PROBLEM DETAILS: For this listing, reproduce the line with "Description : Carriage", the line with "明暗共150页预算追踪app界面设计figma源文件", and the lines between, exactly as they stand. Leave out pictures and all other lines.

Segment Start: SUPPLIED DATA

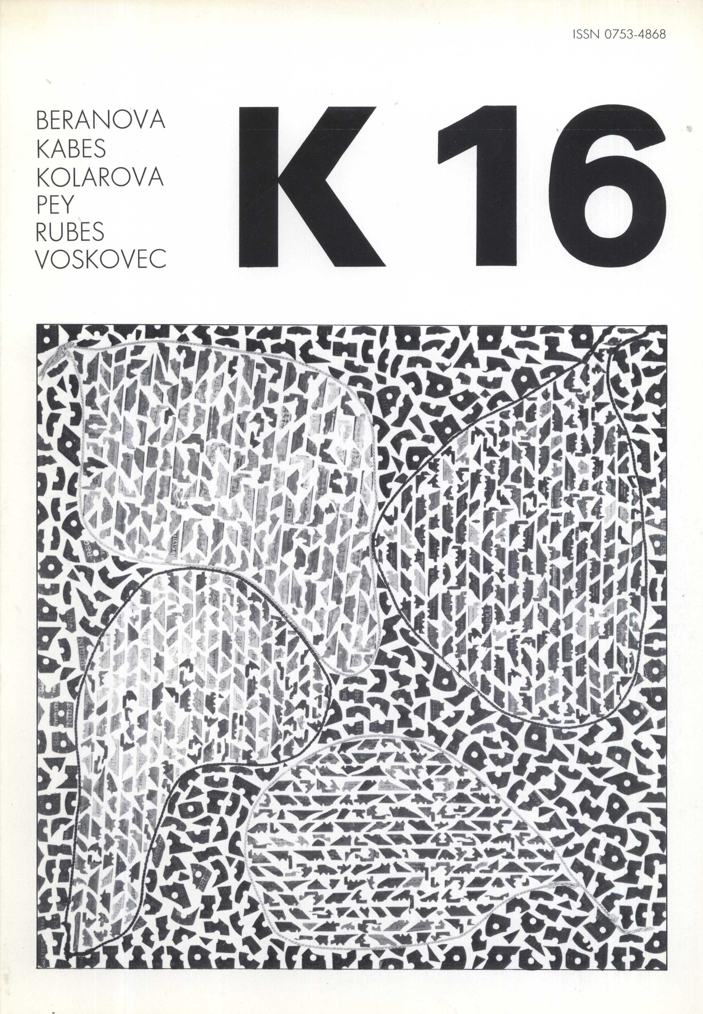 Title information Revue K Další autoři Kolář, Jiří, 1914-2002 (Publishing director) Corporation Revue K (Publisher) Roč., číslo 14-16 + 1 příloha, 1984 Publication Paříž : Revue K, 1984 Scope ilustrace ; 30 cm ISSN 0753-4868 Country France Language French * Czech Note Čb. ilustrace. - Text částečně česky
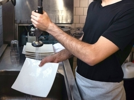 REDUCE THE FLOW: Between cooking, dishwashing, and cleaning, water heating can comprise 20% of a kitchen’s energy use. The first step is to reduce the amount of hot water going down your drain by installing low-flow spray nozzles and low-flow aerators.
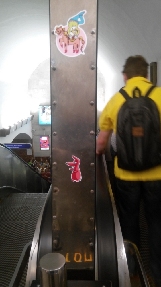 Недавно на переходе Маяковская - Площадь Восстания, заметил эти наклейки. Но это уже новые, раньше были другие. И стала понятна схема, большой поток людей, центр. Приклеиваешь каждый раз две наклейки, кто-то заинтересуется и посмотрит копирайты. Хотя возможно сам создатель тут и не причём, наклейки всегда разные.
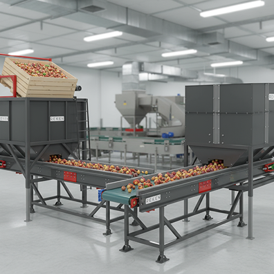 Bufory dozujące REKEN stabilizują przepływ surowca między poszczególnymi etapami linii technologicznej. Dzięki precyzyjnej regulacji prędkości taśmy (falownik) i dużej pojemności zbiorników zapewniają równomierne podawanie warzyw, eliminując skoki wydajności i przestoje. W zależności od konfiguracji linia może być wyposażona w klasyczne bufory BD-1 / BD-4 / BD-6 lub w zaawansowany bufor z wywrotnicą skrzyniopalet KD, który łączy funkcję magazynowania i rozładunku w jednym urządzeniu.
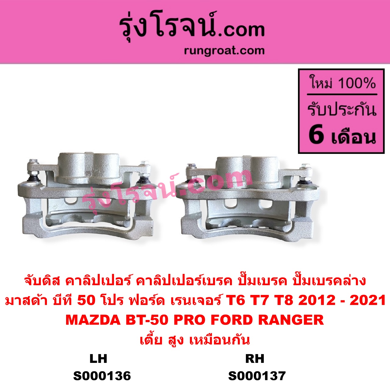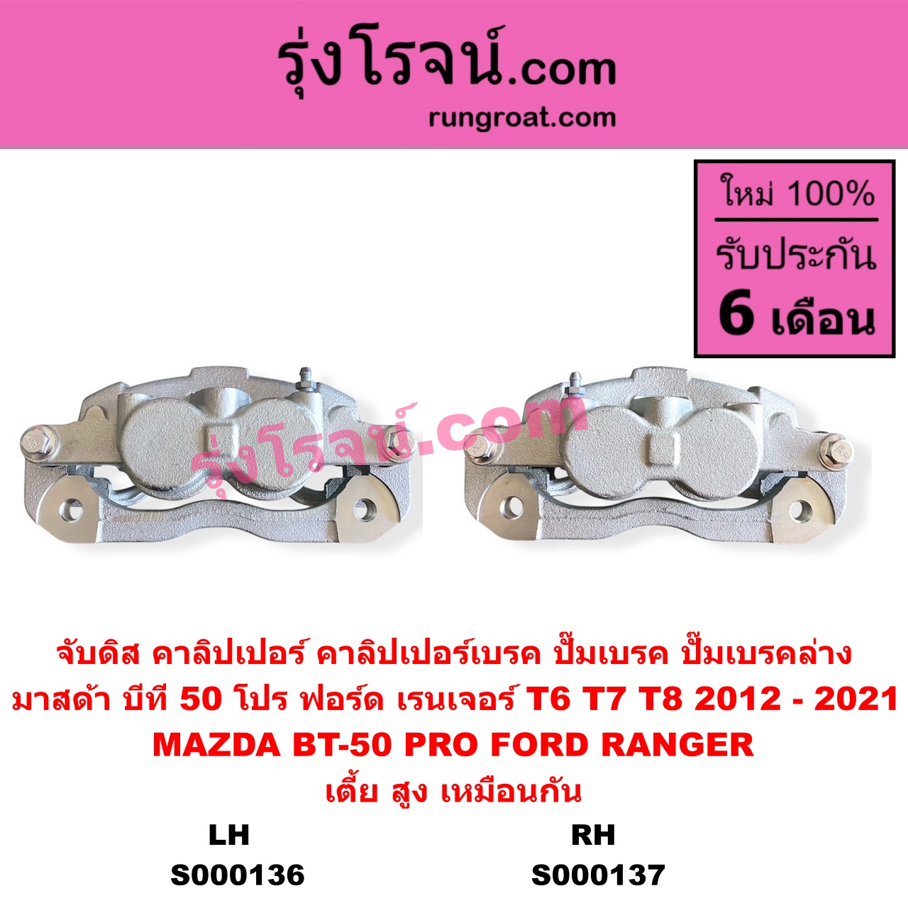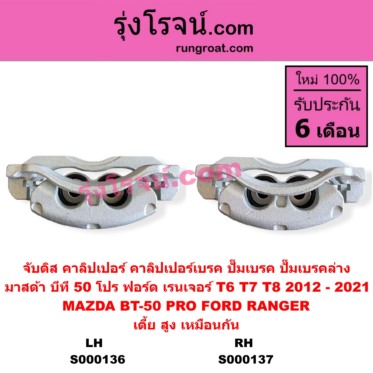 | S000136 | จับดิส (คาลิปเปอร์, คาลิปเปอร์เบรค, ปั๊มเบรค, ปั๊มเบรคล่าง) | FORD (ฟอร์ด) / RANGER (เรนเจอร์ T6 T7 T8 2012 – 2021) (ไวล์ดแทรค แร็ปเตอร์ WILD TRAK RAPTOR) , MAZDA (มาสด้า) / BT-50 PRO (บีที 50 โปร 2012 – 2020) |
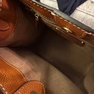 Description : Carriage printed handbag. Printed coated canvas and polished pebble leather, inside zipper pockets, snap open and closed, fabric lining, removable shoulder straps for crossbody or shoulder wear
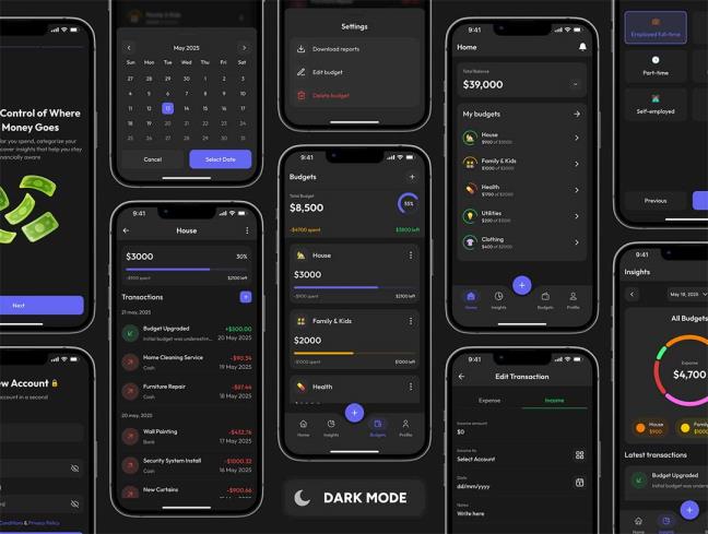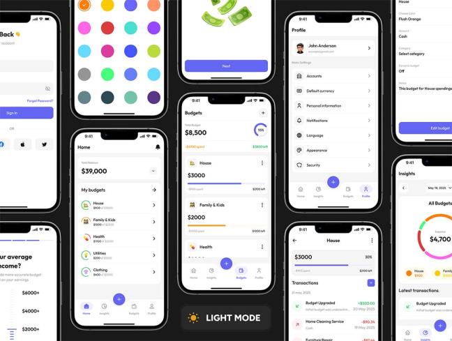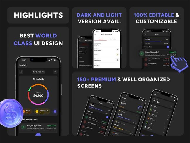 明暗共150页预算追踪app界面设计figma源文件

Segment End: SUPPLIED DATA
Segment Start: SUPPLIED DATA

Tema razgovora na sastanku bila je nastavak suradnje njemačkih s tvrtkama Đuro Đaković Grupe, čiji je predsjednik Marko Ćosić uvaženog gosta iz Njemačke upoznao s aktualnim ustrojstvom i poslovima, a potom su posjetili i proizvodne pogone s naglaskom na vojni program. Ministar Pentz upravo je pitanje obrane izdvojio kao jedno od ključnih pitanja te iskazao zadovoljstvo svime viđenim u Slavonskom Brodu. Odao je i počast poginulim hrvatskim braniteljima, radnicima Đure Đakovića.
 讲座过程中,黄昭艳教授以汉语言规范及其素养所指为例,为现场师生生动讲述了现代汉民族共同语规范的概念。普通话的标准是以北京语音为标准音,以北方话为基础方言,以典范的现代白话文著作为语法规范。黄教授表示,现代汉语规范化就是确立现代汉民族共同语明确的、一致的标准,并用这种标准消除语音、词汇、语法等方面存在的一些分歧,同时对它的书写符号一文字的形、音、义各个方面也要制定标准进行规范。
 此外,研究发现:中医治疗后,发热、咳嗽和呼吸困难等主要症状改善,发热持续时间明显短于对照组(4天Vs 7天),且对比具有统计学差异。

Segment End: SUPPLIED DATA

ANSWER BOX:
 Description : Carriage printed handbag. Printed coated canvas and polished pebble leather, inside zipper pockets, snap open and closed, fabric lining, removable shoulder straps for crossbody or shoulder wear
 明暗共150页预算追踪app界面设计figma源文件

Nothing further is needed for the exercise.